Der „revolutionäre“ 1. Mai in Berlin-Kreuzberg, SO36!

Das MyFest! Strategie gegen Gewalt

In Berlin-Kreuzberg findet am 1. Mai im kleineren östlichen Ortsteil „SO36“ das sogenannte „MyFest“ statt. Dieses gibt es regelmäßig seit 2003 und wurde als Gegenstrategie der seit 1987 traditionellen und bekannten Straßenschlachten von Linksextremen gegen die Polizei ins Leben gerufen. Alle möglichen Menschen der Nachbarschaft und Gewerbetreibende stellen provisorische Verkaufsstände in den Straßen auf und verkaufen alle möglichen Köstlichkeiten. Die Luft ist getränkt von Kohle- und Biergeruch, die Straßen schon am Nachmittag gepflastert mit Müll und Glasscherben. 7 Bühnen laden zum Verweilen, Tanzen und Feiern ein.

Ein „Verkaufsstand“!

Die Stimmung ist ausgelassen, betrunken und fröhlich. Doch Plakate und von Häuser hängende Transparente mit der Aufschrift „Raus zum revolutionären 1. Mai“ lassen darauf schließen, dass es auch heuer wieder zur großen Maidemonstration kommen wird. Obwohl weder Ort noch Zeit erwähnt sind, weiß aus Tradition jede_r hier: 18.00, Oranienplatz.
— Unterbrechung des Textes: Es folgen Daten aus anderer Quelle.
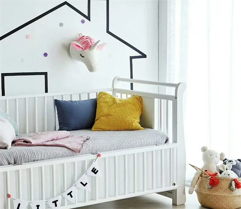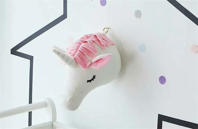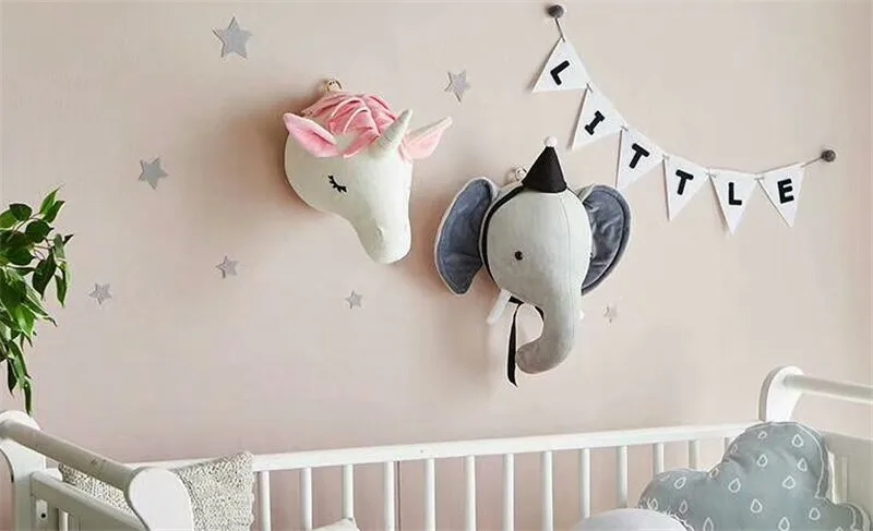 Детская комната плюшевые игрушки 3D Животные головы украшения Слон Олень Единорог Настенный декор для маленьких девочек Детская комната украшения

„Raus, zum Revolutionären 1. Mai!“

Nach nachmittäglichem Verweilen beim MyFest, treffe auch ich gegen 18.00 beim Oranienplatz ein. Der Platz war bis zum Bärsten voll, auch Familien mit ihren Kindern sind gekommen. Ein plötzlicher lauter Krach lässt alle erschrecken, Bengalische Feuer wurden entzündet. Der stechende Rauch ist eine Herausforderung für Augen und Lunge.

Erinnerungen an 1987

Vor allem die Kinder haben mit dem Rauch zu kämpfen. Hier werde ich nun Zeuge, wie 2 der linken Schläger- und Schutzgruppe „Schwarzer Block“ ihre Sturmmasken vom Gesicht reißen und 2 Kindern vors Gesicht halten. Sie mokieren sich über die Dummheit, hier, neben Kindern und Familien bengalische Feuer zu zünden. „Ihr seid doch nicht ganz klar im Kopf. Hier sind Menschen die unsere Bewegung unterstützen, die wollen wir nicht verschrecken. Also zündet die Scheiße doch nicht hier, ihr Idioten!“, höre ich den Einen im tiefsten berlinerisch in Richtung der Träger der bengalischen Feuer rufen, während er das Kind beruhigt und tröstet.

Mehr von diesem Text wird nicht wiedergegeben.